Last weekend my wife and I decided to go on a little sightseeing excursion in our vicinity. We took her mom and aunt along, so it had to be an easy and chilled trip, that also provided something interesting to see. The destinations we picked were both on the outskirts of the city of Puebla: Val'Quirico and Chipilo.
The Authentic and the Original
Both places are known to be "Italian villages" with one huge difference: While Chipilo was actually settled by Italians in the 19th century, Val'Quirico has been constructed in very recent years to look like a typical Italian town, after a private club had gone bankrupt and sold its large property. As such it is populated almost exclusively by tourists, with everyone else working in the tourist industry. Though I expected the place to have a fake feel about it, at least I knew we would see a striking difference to the typical Mexican small town. With Chipilo it was the exact opposite: though the differences to any other town would be very subtle, if at all present, at least they would be based on real culture. In either case I was looking forward to seeing them.

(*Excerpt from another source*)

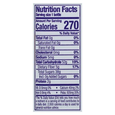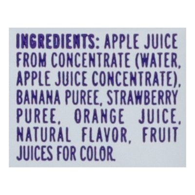 Blend of 6 juices partially from concentrate with other natural flavors. 270 calories per bottle. The Goodness Inside: No preservatives added. No sugar added (Not a low calorie food. See nutrition panel for information on sugar and calorie content). Juices from (per bottle): 3 apples; 1-1/2 bananas; 10-1/4 strawberries & a hint of orange. Also provides (per bottle) 920 mg potassium. Gluten free. Vegan (visit our website for more information on our vegan claim). No sugar added (not a low calorie food. See nutrition panel for information on sugar and calorie content). Non-GMO Project verified. nongmoproject.org. All sugars come from the fruit and/or vegetables. Gently pasteurized. nakedjuice.com. For more information visit nakedjuice.com. Questions or comments call (877) 858-4237. The Goodness Outside: This renewabottle is 100% recycled plastic - continue the cycle and recycle! We think being square is pretty Flippin' cool! Our square bottles allow us to squeeze more into our shipments, making us more fuel efficient and reducing our carbon footprint! 1,824 solar panels at our bottling facility provide the energy equivalent of the yearly usage of 51 US homes. Please recycle.

Val'Quirico: Fake but at least Not Plastic!
To give credit where it's due, it was our fellow Hive blogger @travelshots who inspired me to check out this place, after posting about it a few months ago. Judging from his pics it seemed like the town was for real in trying to appear exotic, and they seemed to have pulled it off in a credible way. So even though on the way there we kept bringing up Las Vegas or Disneyland as examples of fake structures, in the end I was impressed by the serious brickwork, stone masonry, massive wood, and adobe employed ... along with plenty of concrete of course, which they managed to hide very skillfully.
For fans of architecture or (natural) building, Val'Quirico provides a feast for the eyes, and those who are interested in real estate investment may be impressed at the potential opportunities. Being a recently built tourist site, there are numerous realtors advertising that while the price of an apartment may be comparable to Mexico City, renting it out on a nightly basis will ensure an incredibly quick return. Great! This has apparently prompted lots of investors to funnel money into this town, and new buildings seem to be rising out of the ground on all sides, all in the same allegedly Italian style.

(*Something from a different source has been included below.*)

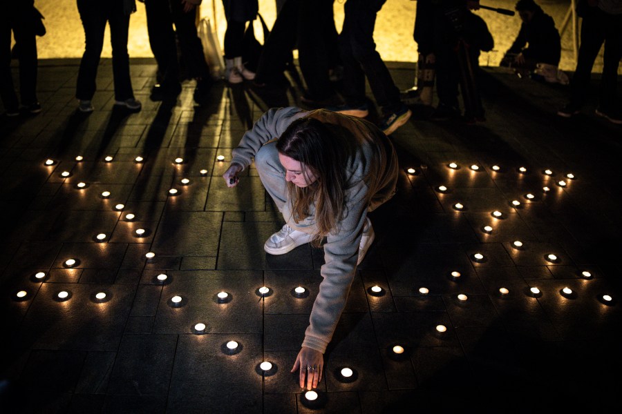 An Israeli arranges nightlights in the form of the Star of David during a candlelight vigil hours after two gunmen shot and killed people gathered on Australia’s Bondi beach for the Jewish festival of Hanukkah, in Tel Aviv on December 14, 2025.

Of course being a tourist hot-spot it was impossible ignoring the droves of tourists, apparently not just from Mexico but around the world. To cater to their wishes, there were lots of cafes, restaurants, boutique shops, and plenty of live music. Trying to appear "Italian", these musicians hardly played Mexican rancheras or banda tunes, but instead classical music (with a bit of nostalgic pop) on string instruments.
Chipilo: Italian by Origin, Mexican by Location
Once we explored Val'Quirico to the last alleyway (the place is really not that big), and eventually got tired of the tourist crowds, we decided to take a look at another Italian town, this time with real Italian history. The drive from Val'Quirico took only about half an hour, though we had to really make sure we'd arrived, as the town pretty much blended into the surrounding townscape.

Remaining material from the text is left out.